The author of Hebrews tells us that Abraham did, and it was counted for him as righteousness. His faith, his trust in God was understood by God as proof, and all the proof needed, that Abraham was his.
It is hard for us to wrap our heads and hearts around that.
That God loves us so much that what God wants more than anything is for us children to acknowledging him, to thank him as the eternal Father, as the creator, as the one who loves us eternally; the one who waits at the gate for the wayward child to come home!
This journey of Abraham and Sarah’, just like any of ours, was only possible through faith.
And, while dangerous, it was the kind of journey that would lead Abraham and Sarah into all kinds of wonderful, crazy, joyous, scary and even costly adventures.
How about you? What kind of adventures has your faith taken you on?
What adventures could you be having if only you could believe? Maybe as an adult you have traveled because of your faith to be part of a mission trip! Or have gone to college or graduate school to prepare for a job or profession?
Perhaps you traveled far from home to get married, to work at a special place, or to serve in the military, or to just to start again after a disastrous beginning.
Perhaps your mom and dad loaded you into the family station wagon or strapped you into the family minivan and took you against your will to places mundane and wonderful.
You had no choice and it required no faith, or so you thought.
Off to great Aunt Hattie’s house, she and Great Uncle Ed the Primitive Baptists in the family, where we as kids could only sit on the porch and look at each pitifully because it was the Sabbath, and we couldn’t play. An awful journey, enforced by our parents for no other reason we could see than some form of punishment.

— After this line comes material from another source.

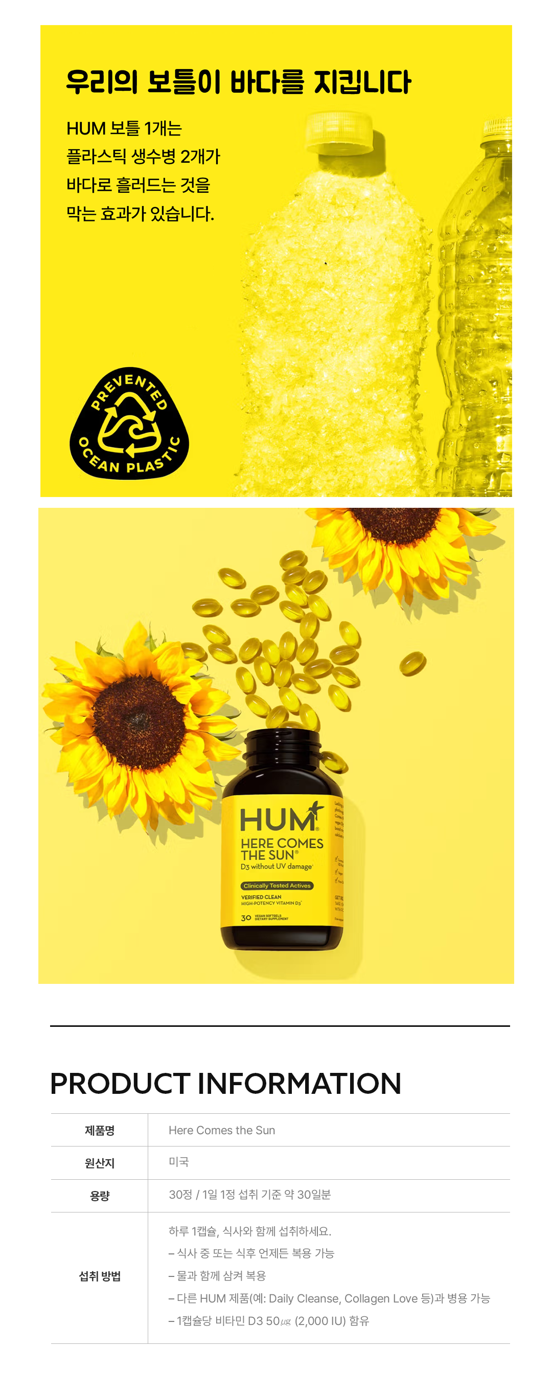 네! Here Comes the Sun은 2000 IU의 비타민D3를제공합니다. 비타민D3의 일일 상한 섭취량은 4000 IU입니다. 두 제품 모두 필요한지는 개인의 식단과 라이프스타일에 따라 다르므로, HUM 등록 영양사와 상담하시는 것을 권장합니다. 비타민D는 칼슘 흡수를 돕기 때문에 함께 복용하면 시너지 효과가 있을 수 있습니다.

Or that other terrible journey on Thanksgiving Day if you can believe it, eating Thanksgiving dinner at a Howard Johnson’s restaurant, all because our parents wanted us to suffer by going to Disney World in Florida shortly after it opened on October 1, 1971.
We didn’t see at the time how our faith was leading us on a journey.
Perhaps, because our faith wasn’t in the journey, and wasn’t even in the destination.
It was in them, my parents, Jack and Dorothy, that they no matter the journey, no matter what the final destination looked like, loved us and wanted the very best for us.
Just as Abraham and Sarah put their faith in Yahweh, the one who would be the God of Israel, and headed out on a journey from the safety of Ur of the Chaldees, to what they were told would be their Promised Land, where their descendants would number in numbers unimaginable.
Do you understand that God is calling you on a faith journey too, one that will require you to set aside the normal questions and concerns, so you can see the Promised Land God has prepared for you!
It won’t be easy and it may be costly. Be aware. Discipleship is costly!
But it is also exactly what God has been preparing you for.
Get up and go. Be like Abraham and Sarah and believe. Amen.